In the most emphatic, precise language -- no more "urging" and "calling on" them -- all of these governments need to hear that this cause really matters to our country, and regardless of Asian traditions surrounding ivory, the American government will be counting on their support on every front to end the ivory trade. "How shockingly destructive and historically shameful it would be," Secretary Kerry said last year, "if we did nothing while a great species was criminally slaughtered into extinction." Tell them that and more, until they understand that the use of ivory, like foot-binding and other ignoble traditions mercifully abandoned, has to end. They are great and advanced nations; now, in the treatment of animals, they need to start acting like civilized nations, and so, in other respects, do we.
Let the elephants be a "keystone" here, too, the focal point of a larger effort. Cast a wide, strong net for ivory dealers throughout Asia, and all kinds of other miscreants will be dragged in as well, including traffickers in weapons and narcotics. Relentless policing of smugglers; grave penalties for offenses; fast-lane prosecution of any official abetting the trade; a shutdown of domestic retail markets found with ivory, down to the smallest curio shop; widely aired ad campaigns in their countries, like that of Yao Ming in China, to show the real cost of ivory; and votes at CITES and at the UN consistent with all of this: These verifiable, immediate steps by our friends across the Asia-Pacific region should be taken as the signs of cooperation, no vague assurances or "draft action plans" accepted in their place.
* * *
I once had the experience of being in Adelaide, Australia, watching our American delegation to the International Whaling Commission -- basically, the CITES for whales -- contending for days with Japanese delegates, unsuccessfully, to get any slight concession on the hunting of whales. In theory our delegation represents the views and wishes of the president of the United States, who appoints its chief delegate, but at far-off conferences, against the harangues of tireless, troublesome adversaries, those views and wishes lose a good deal of their force. A few years later, as it turned out, I found myself in the West Wing of the White House when the subject of whaling by Japan and Norway happened to come up, and a figure of some influence around there remarked, "There is no reason why anyone in the year 2003 needs to be killing whales," going on to explain why that was so. Such clarity, the best instincts of those at the top, could save our diplomats a lot of trouble on the whaling issue, and it's the same with the fate of the elephants.

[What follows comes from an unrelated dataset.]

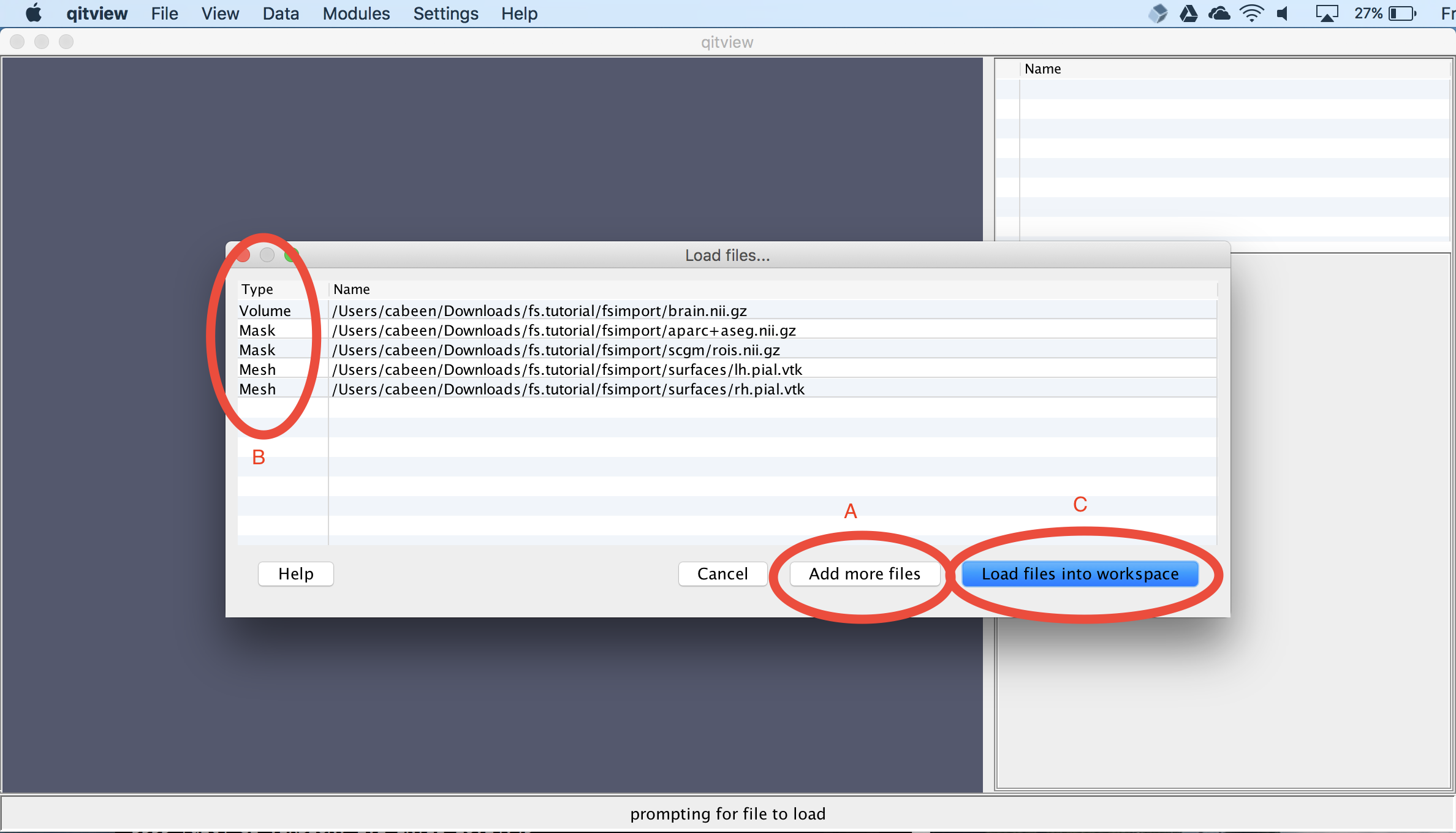 After that, you need to set the file types to the types listed above (B). Then, you can load the files by clicking Load files into workspace (C):

As a speechwriter, I also traveled with President George W. Bush to Japan, South Korea, and China, as well as to Senegal, South Africa, Uganda, and Nigeria. And I noticed something that's probably similar in the Obama years as well. The policy aides all cared about wildlife issues, and ivory in particular, but they acted, even during these travels, on the assumption that none it was really vital enough to rate direct presidential attention. It all got sorted out at lower levels, leaving foreign counterparts to draw logical conclusions about its importance to us, and, by neglect, perhaps hastening the unraveling of conditions in Africa.

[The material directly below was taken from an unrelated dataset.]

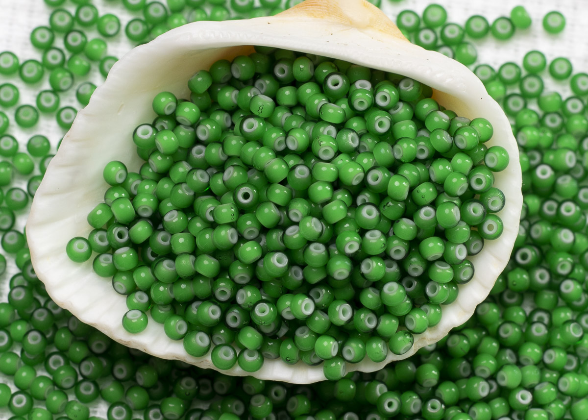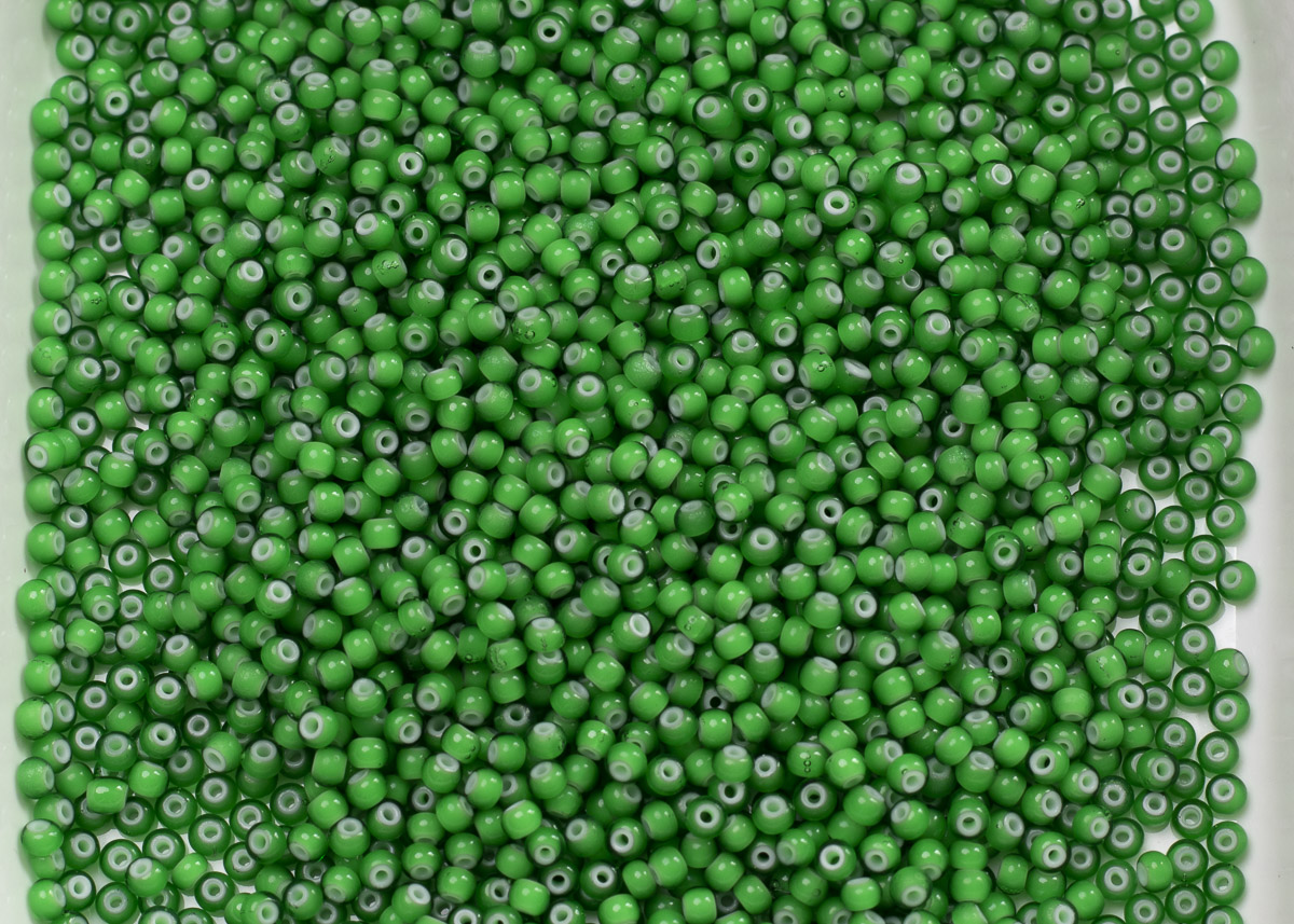 Бисер Чехия круглый 10/0 500г 53712 зеленый с белой серединой

It's just possible that these things keep unraveling exactly because they are not handled at the top. And who is better suited to take on the crisis? It's hard to believe that an American president with a solid environmentalist constituency, a foreign-policy emphasis on Asia and Africa, some boyhood years spent in Southeast Asia (at Jakarta's St. Francis of Assisi School), and doubtless an abhorrence for cruelty of any kind, would not have convictions and practical ideas of his own about how to avoid such vast suffering among the people and creatures in the land of his father's birth.
In Dreams from My Father, the president recalled how his Kenyan sister, when he first went to that country in the late 1980s, "grimaced and shook her head" when he expressed a desire to see the wildlife parks. She viewed them as a vestige of colonial days, an indulgence for white tourists who came to the continent to photograph the animals without noticing much else: "These wazunga care more about one dead elephant than they do for a hundred black children." Obama told her "she was letting other people's attitudes prevent her from seeing her own country," and the book has some lovely passages recalling his first glimpses of wild Africa -- "what Creation looked like." All of this, to complete the picture, in the company of a tour guide named Francis.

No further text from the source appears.